It occurred to me that my last post could have come off as a bit cocky, or at least overconfident--counting my chickens before their heartbeats hatch, so to speak. I know (as do all of us who read IF blogs regularly, especially anyone who's been around all the heartbreak of the last few months) that everything can go to hell in an instant. A yolk sac and fetal pole are no guarantees of a viable pregnancy--hell, even seeing a heartbeat doesn't guarantee you'll still be pregnant a week later.
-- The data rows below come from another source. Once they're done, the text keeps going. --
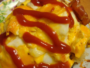 鶏肉、しめじ、ほうれん草をケチャップとパルメザンチーズで。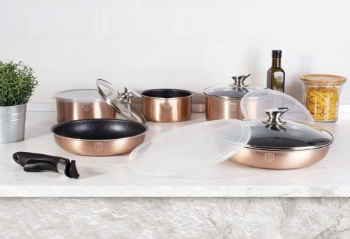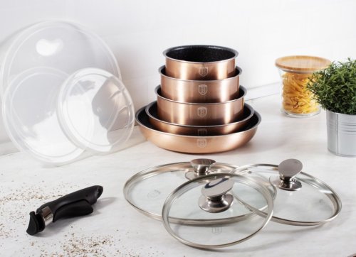 Hledáte vhodnou sadu nádobí do vaší kuchyně? Sadou získáte všechny potřebné nádoby na vaření, ať už budete vařit pro sebe nebo pro více osob. Velkou výhodou je, že můžete objednat najednou více nádobí od ověřeného výrobce BERLINGERHAUS. Sadu nádobí sjednocuje jednotný design, navíc zlatá barva celé sady je univerzální a vyjímat se bude v každé kuchyni.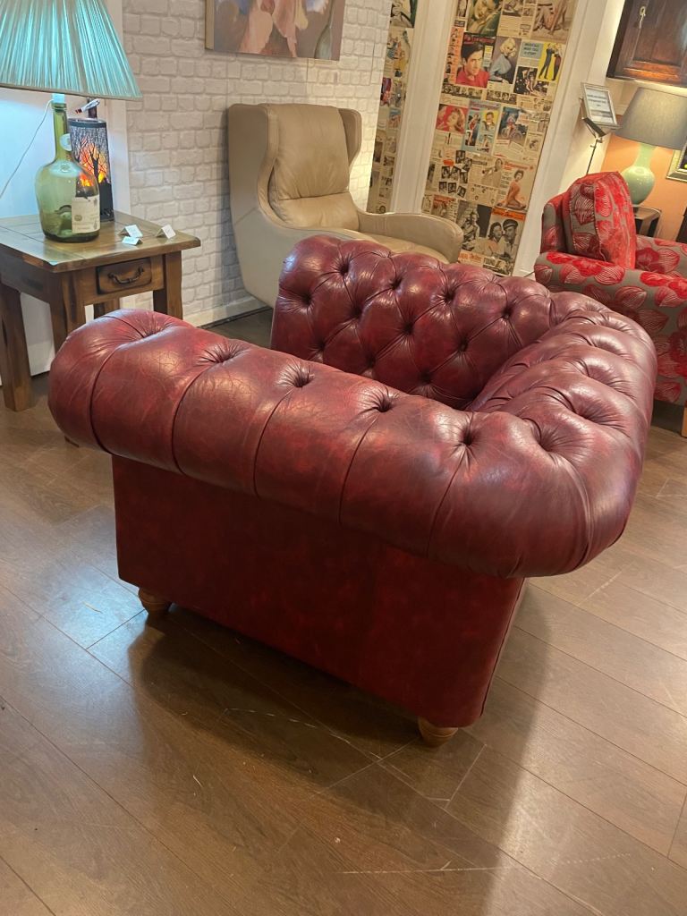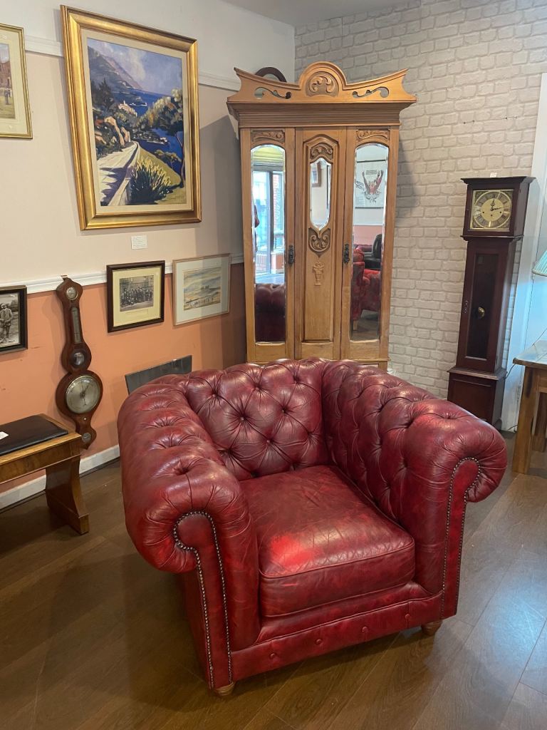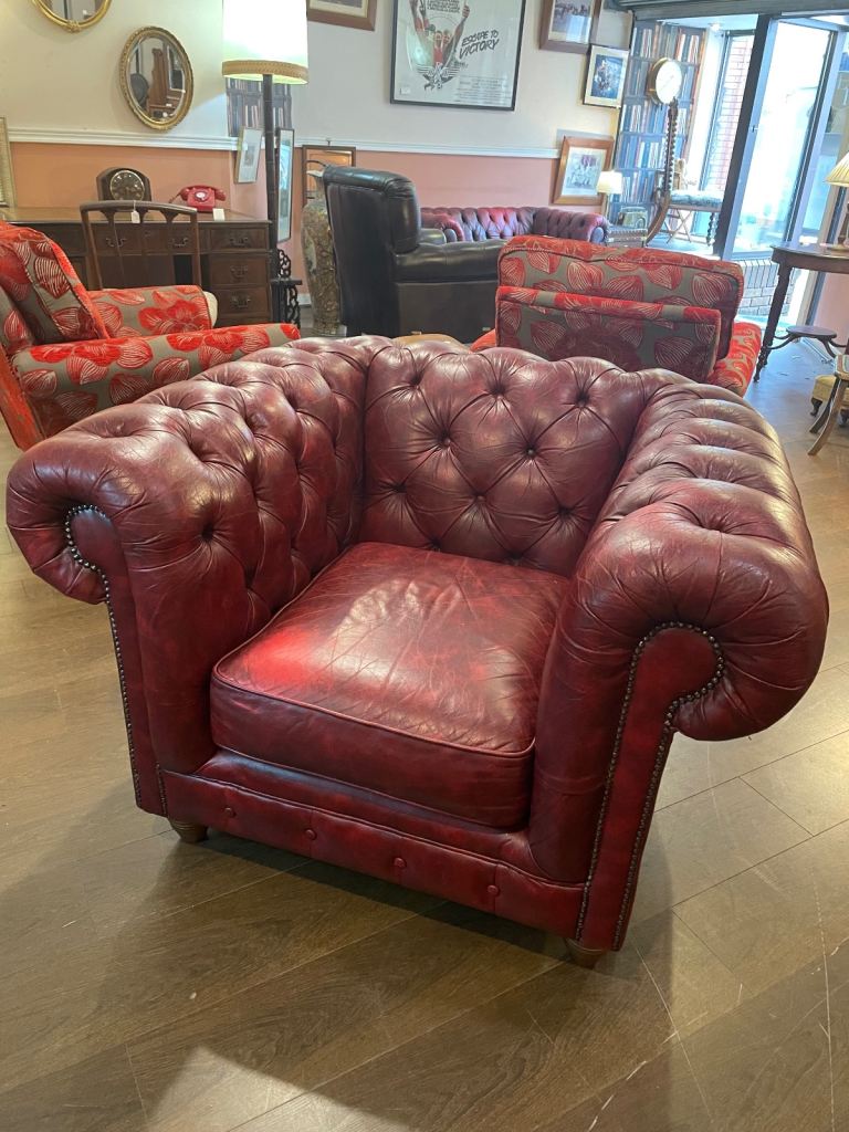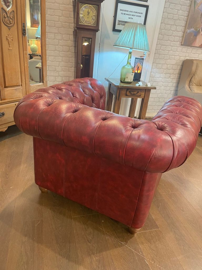 Handsome chesterfield armchair, in lovely condition. Size 120 cm wide x 105 cm deep by 77 cm high. Can be viewed and sat on at Penny Lane Vintage Wellfield Court Arcade Wellfield Road Roath Cardiff CF24 3PB

But I am trying--oh, how I am trying--to just enjoy this, to be optimistic, to assume the best rather than the worst. To speak of seeing the heartbeat, or being released to my OB, as things that will
happen, not things that might
Over the last couple of weeks, one of my coworkers has said to me, more than once, that I look "sad" or "forlorn" and is anything wrong? I thought it was ironic, considering I have had plenty of cause for elation these past weeks. But I guess my mute terror is leaking out onto my face at unexpected moments.
I was looking through my big fat file of infertility-related crap, and I realized that two years ago yesterday, I took my last birth-control pill. (I know this because I immediately embarked on the rollercoaster of charting...ugh.) There's a kind of poetic justice to the fact that exactly two years later, I had my 6w1d ultrasound.